▶ [DATASET ENTRIES]:
----------
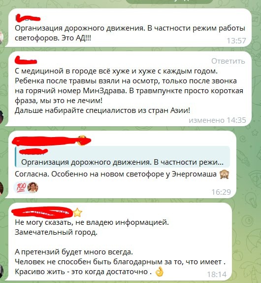 Мы провели на нашем канале онлайн-опрос на тему "Самая большая проблема в нашем городе по вашему мнению..." И вот, что получилось по результатам опроса: 76% считают, что самая большая проблема города Чехова - медицина 70% - ЖКХ 39% - некуда пойти, мало культурных мест, развлечений 29% - считают, что хромает образование 22% - мало рабочих мест 21% - не понравились дороги 15% - неудовлетворены туристической составляющей города 11% - мало кафе и ресторанов ну и 3% - считают, что мало магазинов... Почти никто не ответил, что им наплевать или все устраивает! А что скажете вы?
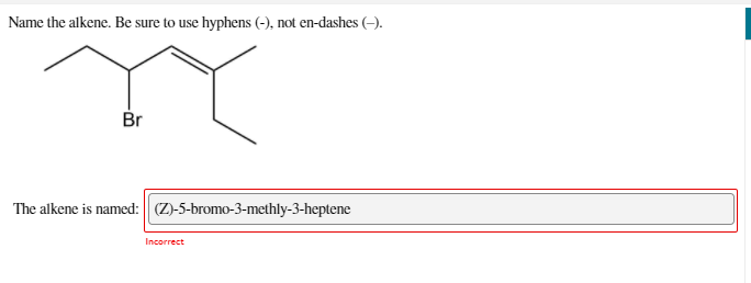 We’re being asked to name the offered structure using iupac nomenclature v the correct e/z designation. Recall the the e/z designation provides us the pure stereochemistry of dual bonds. Be sure to use hyphens not | chegg.com.
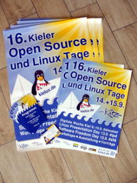 Ab sofort könnt Ihr das Plakat für die 16. Kieler Open Source und Linux Tage sowohl herunterladen als auch gedruckt im Kitz in den Größen DIN A3 und A2 (während der Öffnungszeiten) abholen. Außerdem liegen die Programmflyer und Visitenkarten mit dem Veranstaltungsdatum für Euch bereit.
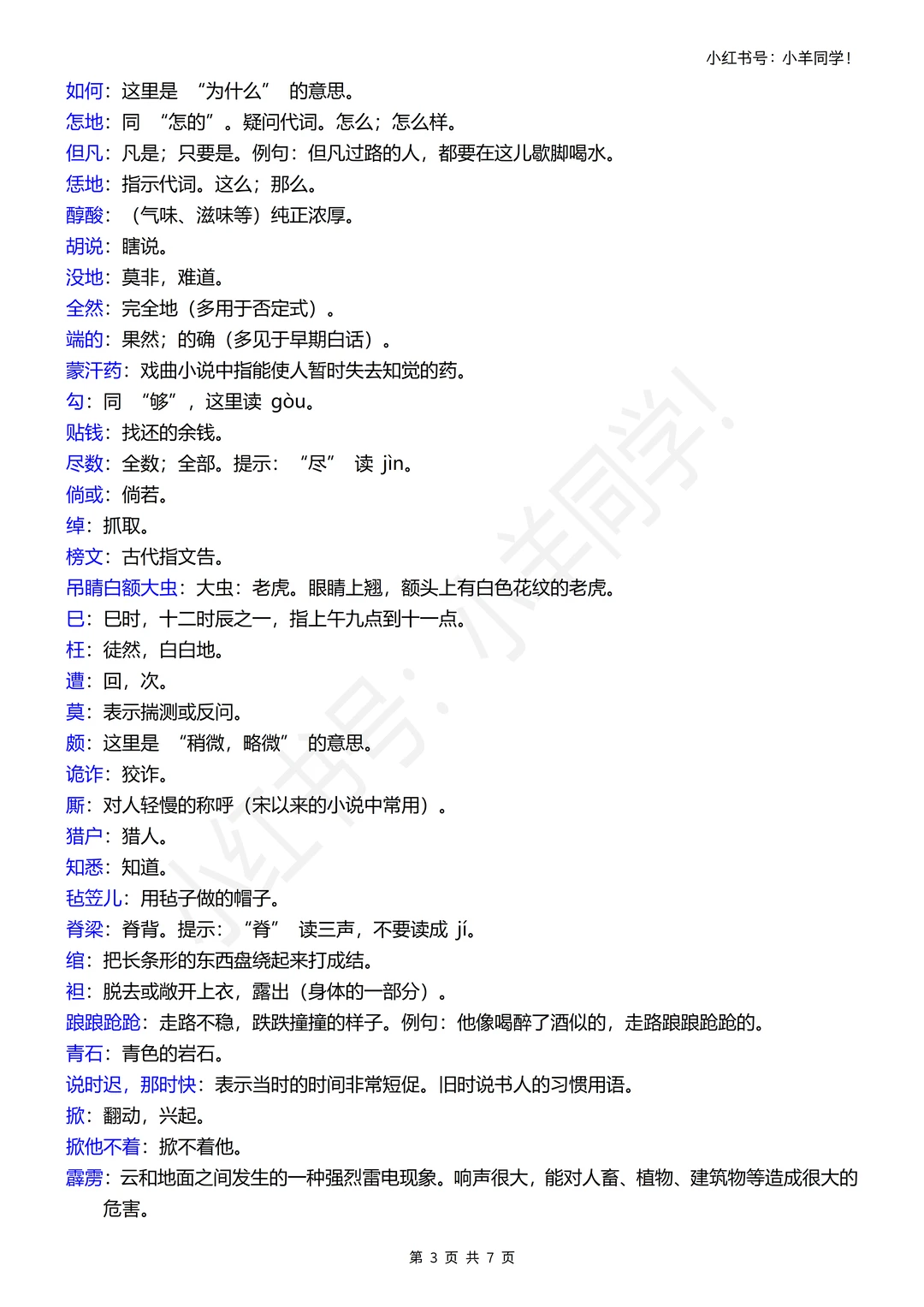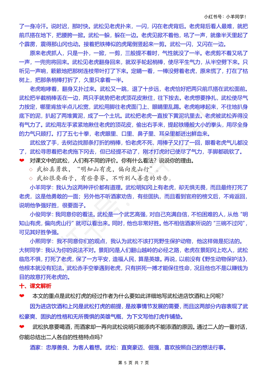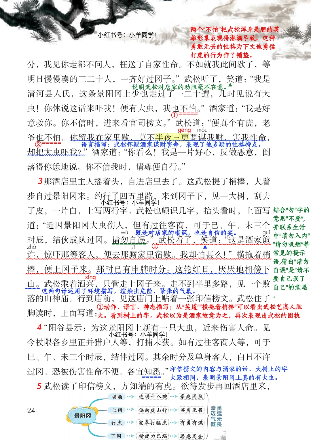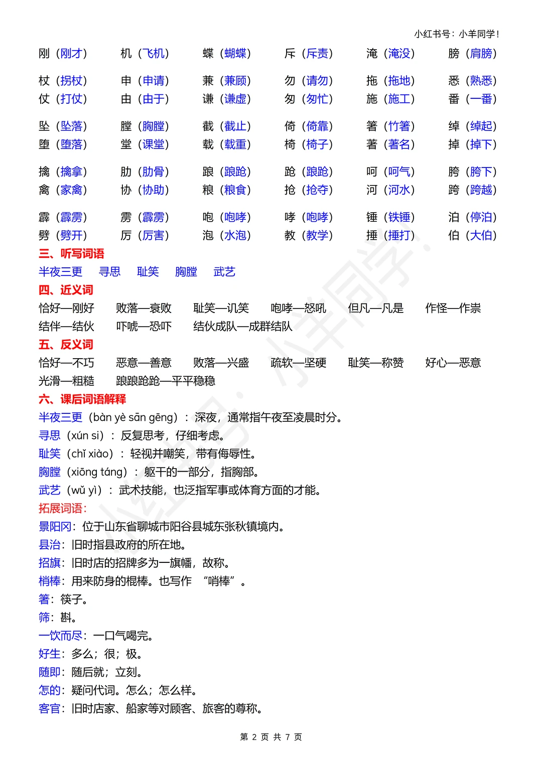 📖 核心学习目标(必掌握) 1️⃣ 生字词:认识20个生字,读准3个多音字,会写15个字+重点词语,默写过关✅ 2️⃣ 阅读:默读时,联系上下文猜不懂的词语意思 3️⃣ 重点💪:按顺序提炼小标题、说主要内容;详细讲述武松打虎(加语气动作) 4️⃣ 拓展:谈谈对武松的看法,尝试阅读《水浒传》原著 💡 提醒:武松打虎细节,阅读理解常考!
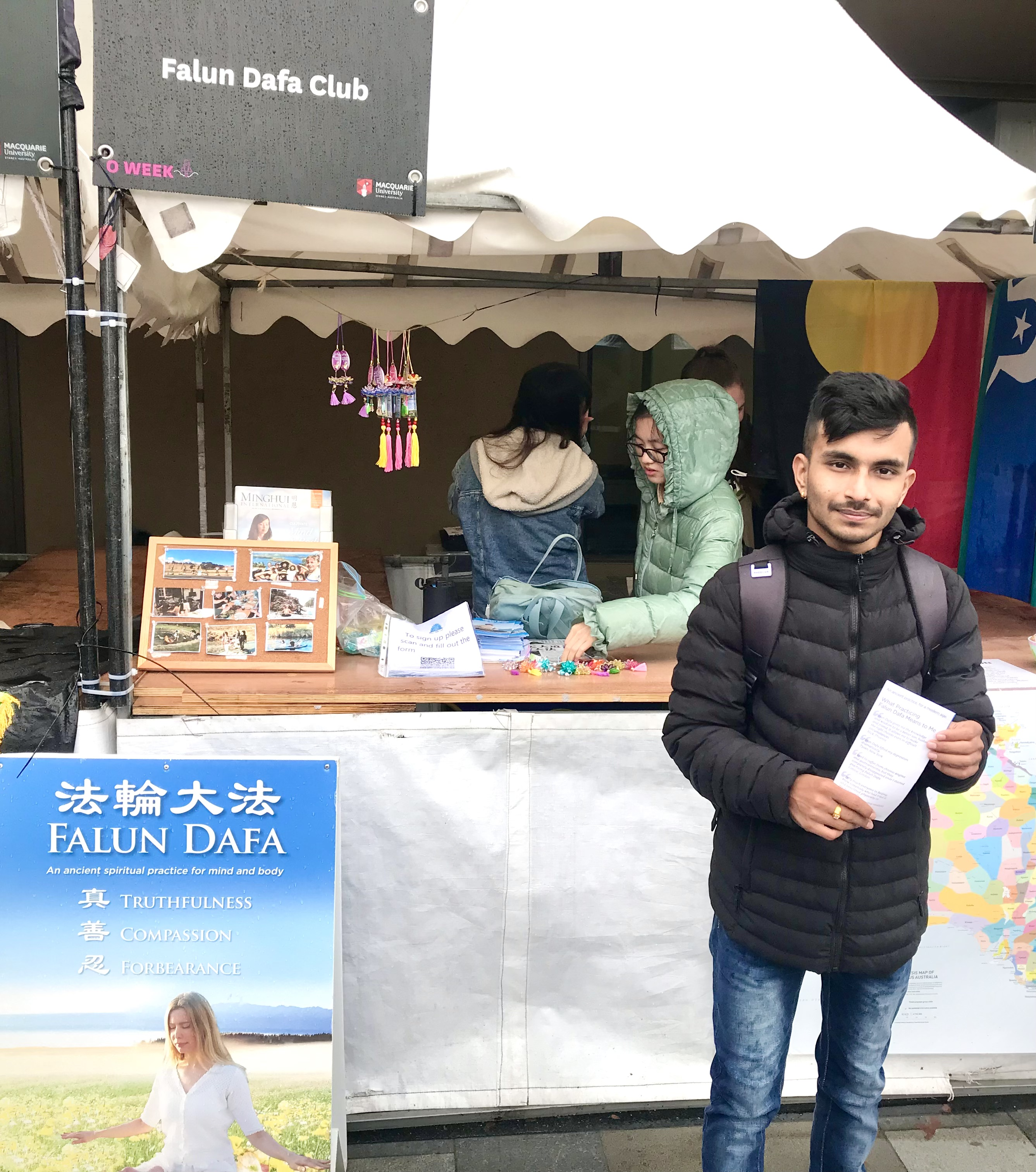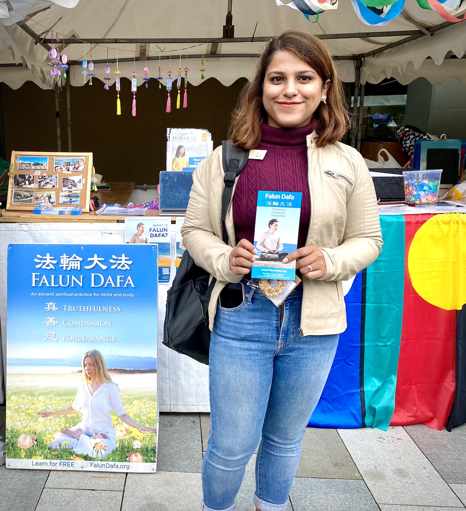 几天前,梅哈克(Mehak)第一次来到悉尼,在麦考瑞大学攻读工程硕士。她一走到法轮大法俱乐部展位就被法轮大法吸引。她说:“我认为这是一个新的让人积极向上的方法,我从来没有尝试过,但我认为这将会是一个很好的体验。”
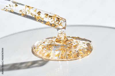 Luxurious translucent serum with gold flakes in dropper for premium skincare and beauty treatments
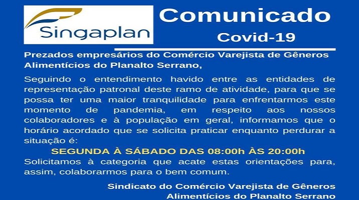 O comunicado parte do Sindicato do Comércio Varejista de Gêneros Alimentícios do Planalto Serrano (Singaplan), que entrou em consenso entre as entidades de representação patronal em respeito aos colaboradores e à população em geral. A medida será mantida enquanto durar o período crítico de transmissão do vírus.
----------
▶ [EXERCISE]:
Only the lines of the listing above from the one with "We’re being asked" through the one with "Luxurious translucent serum" should be output, exactly, with both ends kept and pictures left out.

▶ [OUTPUT FOR THIS EXERCISE]:
 We’re being asked to name the offered structure using iupac nomenclature v the correct e/z designation. Recall the the e/z designation provides us the pure stereochemistry of dual bonds. Be sure to use hyphens not | chegg.com.
 Ab sofort könnt Ihr das Plakat für die 16. Kieler Open Source und Linux Tage sowohl herunterladen als auch gedruckt im Kitz in den Größen DIN A3 und A2 (während der Öffnungszeiten) abholen. Außerdem liegen die Programmflyer und Visitenkarten mit dem Veranstaltungsdatum für Euch bereit.
 📖 核心学习目标(必掌握) 1️⃣ 生字词:认识20个生字,读准3个多音字,会写15个字+重点词语,默写过关✅ 2️⃣ 阅读:默读时,联系上下文猜不懂的词语意思 3️⃣ 重点💪:按顺序提炼小标题、说主要内容;详细讲述武松打虎(加语气动作) 4️⃣ 拓展:谈谈对武松的看法,尝试阅读《水浒传》原著 💡 提醒:武松打虎细节,阅读理解常考!
 几天前,梅哈克(Mehak)第一次来到悉尼,在麦考瑞大学攻读工程硕士。她一走到法轮大法俱乐部展位就被法轮大法吸引。她说:“我认为这是一个新的让人积极向上的方法,我从来没有尝试过,但我认为这将会是一个很好的体验。”
 Luxurious translucent serum with gold flakes in dropper for premium skincare and beauty treatments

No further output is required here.